I was lonely, and the internet was broken, so I started reading Audrey Niffengger's
The Time Traveler's Wife. I don't think this was a fantastic choice for warding off the blues, though....between this and
Never Date A Writer I don't know that relationships are worth it or if they're the only thing that's worth it. I need a perspective not-relationship novel.
I love stories about time travel. I'm writing one, after all. And the time travel in this was well-executed...the problem of course is that time travel isn't real and doesn't work, so you have to walk a fine line between the mechanics and the story, and this toes that line well. While technology can be explained by a few sentences of technobabble, time travel affects causality and thus affects the flow of your plot. You can really write yourself into a corner in a hurry. The interesting thing is that
The Time Traveler's Wife is written into a corner for an entire book. Henry, the main character, has no choice but to go through these experiences--he's caught in a corner. These are scenes I'd hate writing, but she does them well.
The plot is very well done--time travel is tricky, and she has same scenes reseen from different points of view, by different characters or sometimes the same character at different ages. The situation is profound, moving, the imagery lovely. I cried at the end. He died quoting Andrew Marvell, what do you expect? "Had we but world enough, and time--" ahhh.
But this book didn't quite satisfy me.
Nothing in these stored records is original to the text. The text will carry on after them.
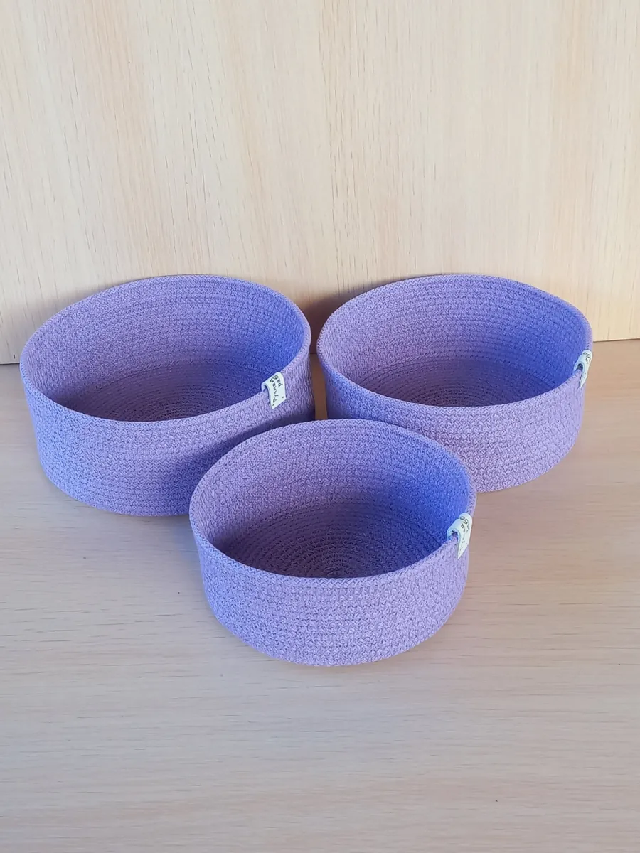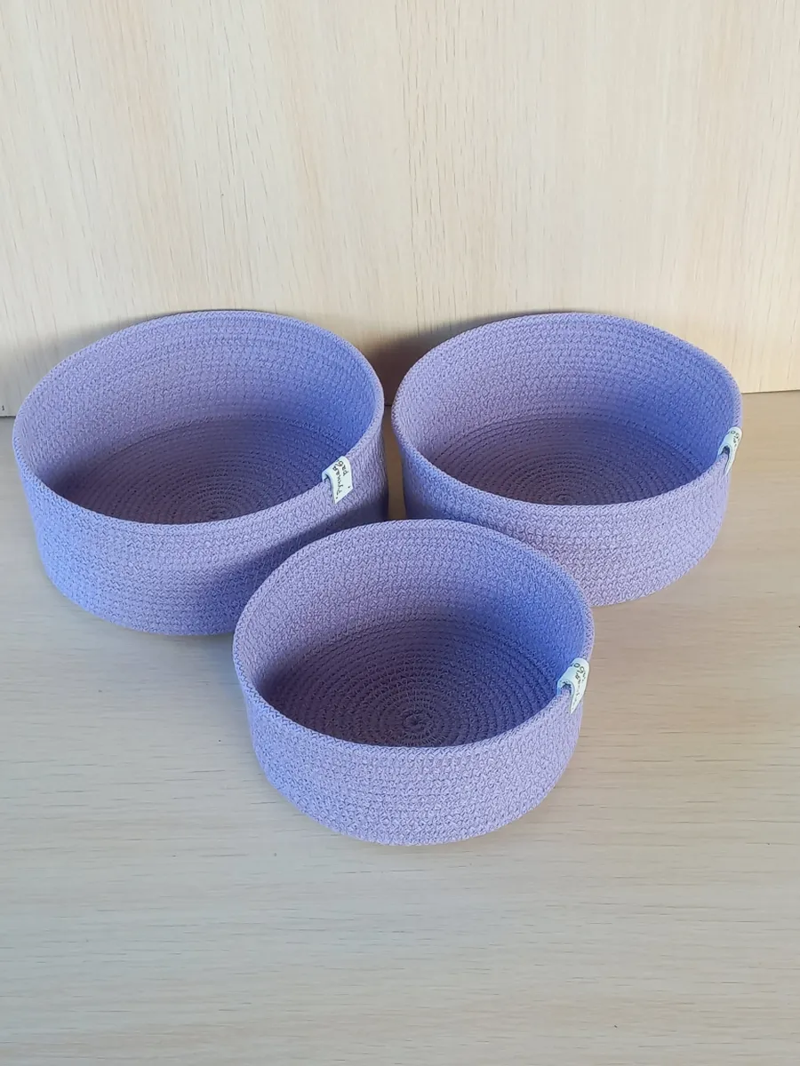 В набор входит три разные корзинок разного размера, что позволяет организовать хранение вещей разного объема и размера. В комплект входит 1 корзинка размером 20*20 см, вторая - размером 18*18 см и третья размером 16*16 см. Например, вы можете использовать большую емкость для хранения фруктов, среднюю - для аксессуаров или косметики, а маленькую декоративную корзинку - для мелочей, которые всегда должны быть под рукой.
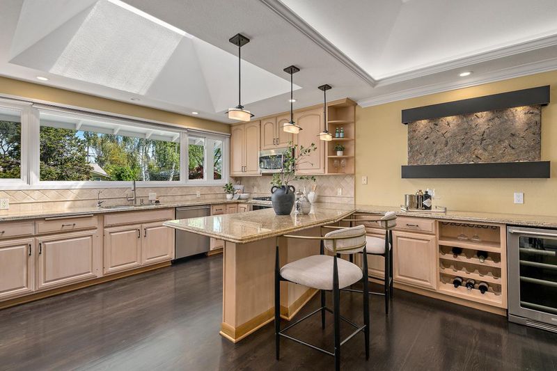 - Dishwasher, Exhaust Fan, Garbage Disposal, Island, Microwave, Oven Range - Built-In, Oven Range - Gas, Refrigerator, Skylight, Wine Refrigerator
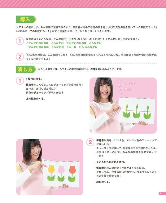 「作品のねらい」、「対象」、演じるのに必要な「時間」、「準備するもの」、「作り方」を掲載しています。スケッチブックシアター、ペープサート、パネルシアター、空き缶シアターなど、いろいろなシアターを収録。
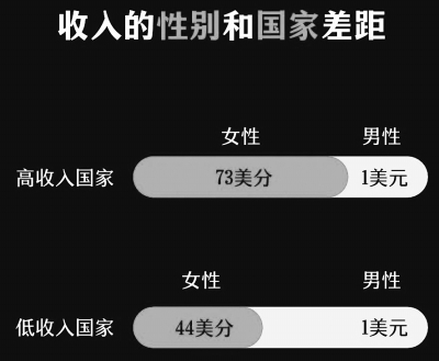 即使女性实现了就业,她们的收入也往往远低于男性,尤其是在低收入国家。在高收入国家,如果男性收入1美元,女性的收入仅为73美分,而在低收入国家,这一数字降至44美分。
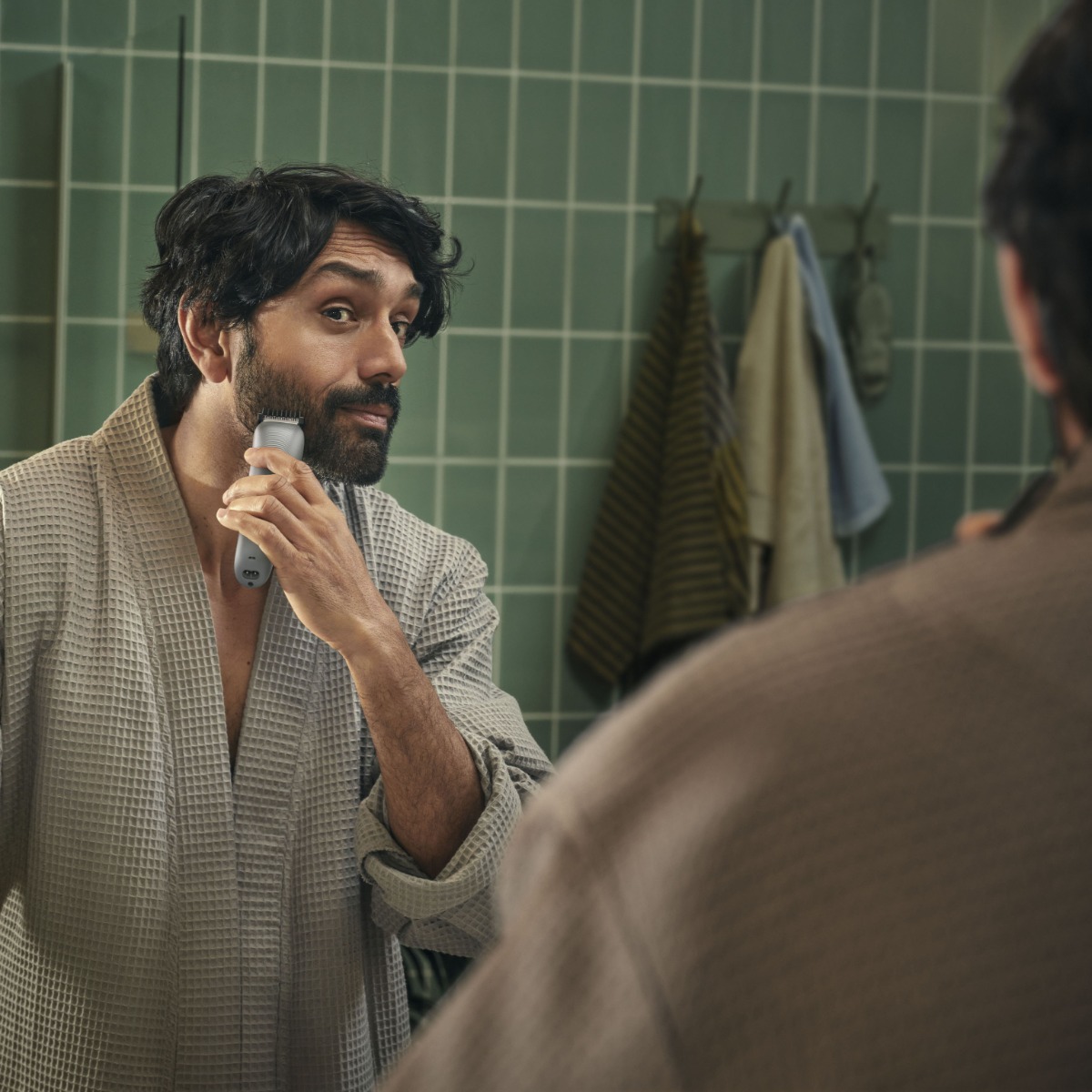 7 herramientas y accesorios para todas las necesidades de grooming (cuchilla de recorte, recortador para nariz y orejas, peine recortador para zonas sensibles 1mm, peines para barba incipiente 1 y 2 mm, y peines para barba 3 y 5 mm).
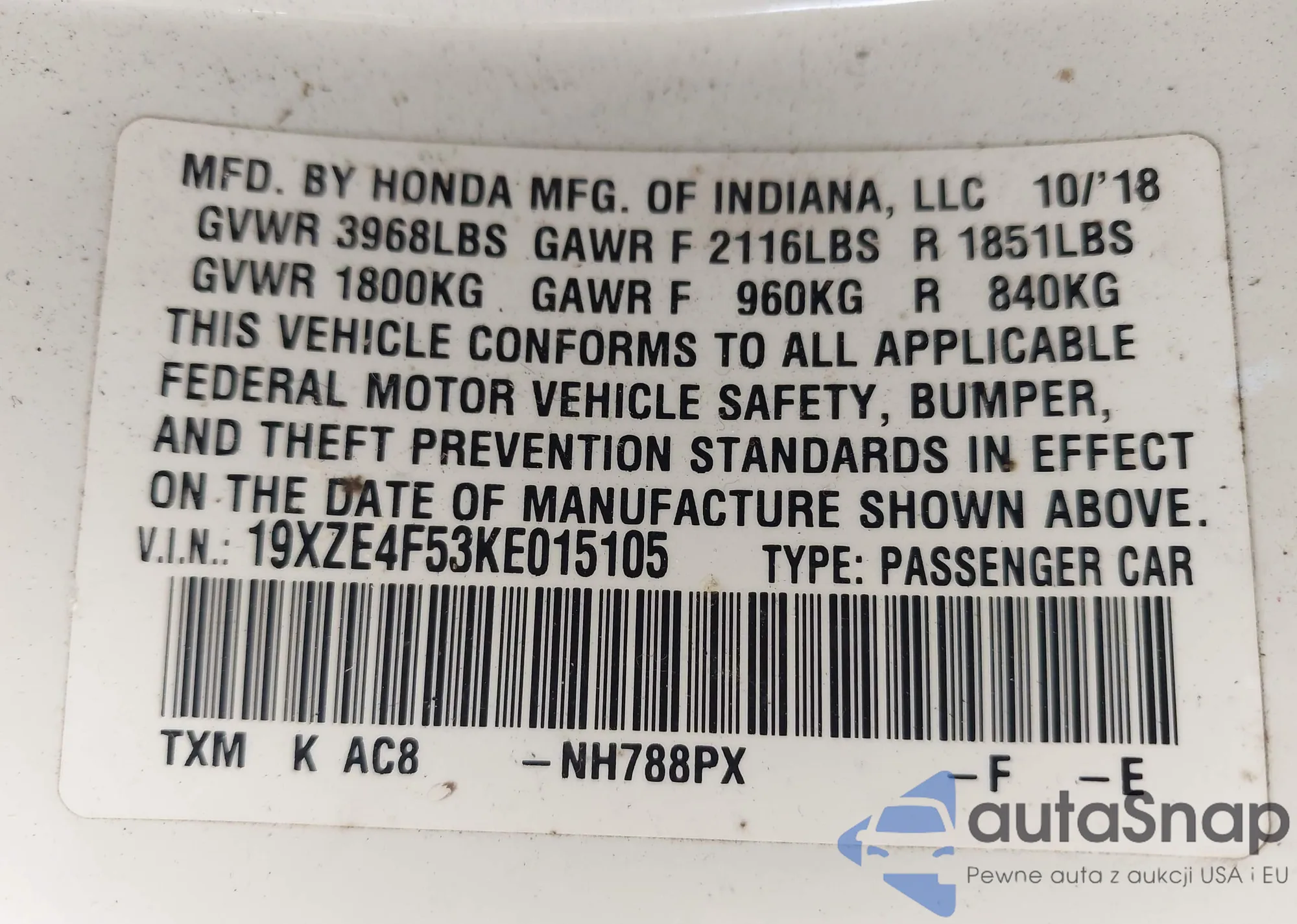 VIN: 19XZE4F53KE015105

It did, in some ways: the plot was lovely, well-thought out, the writing was simple, clear, precise, and lovely. What bothered me were the characters. And I didn't really know why until a patron interrupted me, while I was reading this today, to check out Twilight. And then I sat there for a moment and thought about it.
Because it's the same story. Bella and Clare are both pretty, feminine, have long hair, fall in love young and say with that man for life, don't do very much on their own. They both want a child, both have a daughter, both have husbands that are more interesting than they are, both their lives totally revolve around the person they love. The conflict in each depends on the defect of the other person that they love: vampire, time traveler. The intellectualism is better done here, obviously, and the plot is MUCH better written---but the characters remain the same mold. The perfect family save for one thing. A woman whose life depends on her significant other. When Edward/Henry leaves, Bella/Clare sits around and doesn't eat, stares into space, turns into emotionless zombies, stays in bed all day and feel awful. Only Jacob/Gomez is there to distract her but the depth of feeling is friendship and not love.
And this story is much better, don't get me wrong. But the characters irk me. Henry I love. A gaunt, tall, thin, dark, punk-lovin, alcoholic, sort of authentic version of the Arsonist. But he's all fuzzy around the edges. And that's all right--if that's a product of time travel, because he is mostly telling his own story and he feels fuzzy around the edges, then it's great characterization. But Clare is supposed to be his anchor, to hold him down, right? And all I know about her is that she has long red hair. Blue eyes, or maybe green. Part of this is the nature of the characters--from six to forty-three in the course of one book--but some of it is just general characterization. She does physical descriptions of characters well: when you're doing descriptions you stick to main traits that are easily identifiable, and let characters be memorable based on personality. But Clare needs to be solid. She needs to be what is holding him here, and she needs to be firmly fixed in the reader's mind as a solid point, and she's not. They're like twin stars in a solar system: they hold each other in place, and when one is missing the other sort of drifts away. I want them to be more solid, especially Clare. Even if she is the type of woman who spends her whole life waiting on a man, and who ahs a man at the center of her universe...well, maybe that's why she's not a very solid character, if she lets someone else be that much a part of her. But I want to know that, I want details of that, I want Clare to be more than she is. All of their friends, even Charisse and Gomez, feel flat and placeholders, not real and solid and fleshed-out: she's not good at doing little details that make characters really come alive. and for all of Alba's build-up she doesn't have much: part of that is her age, I know, you're not solid when you're that young. But you can have children who are more than a placeholder: look at Pearl, if you want to look at children that symbolize things.
Maybe these character types--interesting male, female who is dependent on him and whose life is mostly him--are more prevalent in literature than I think or realize. But I don't think it has to be this way, and I know it's not. Look at Jane Eyre, for crying out loud. She realized this very thing and had to say no, had to leave it so that this wouldn't be the case. She was solid first, and then she was solid again after he was gone. As a disconnected woman, I have to believe that there is more to life and literature than this: waiting on a man.
So thank you, Audrey Niffenegger--I love your plot, and I love your story, and I love your French poets and your prose. But your characters need to stand on their own.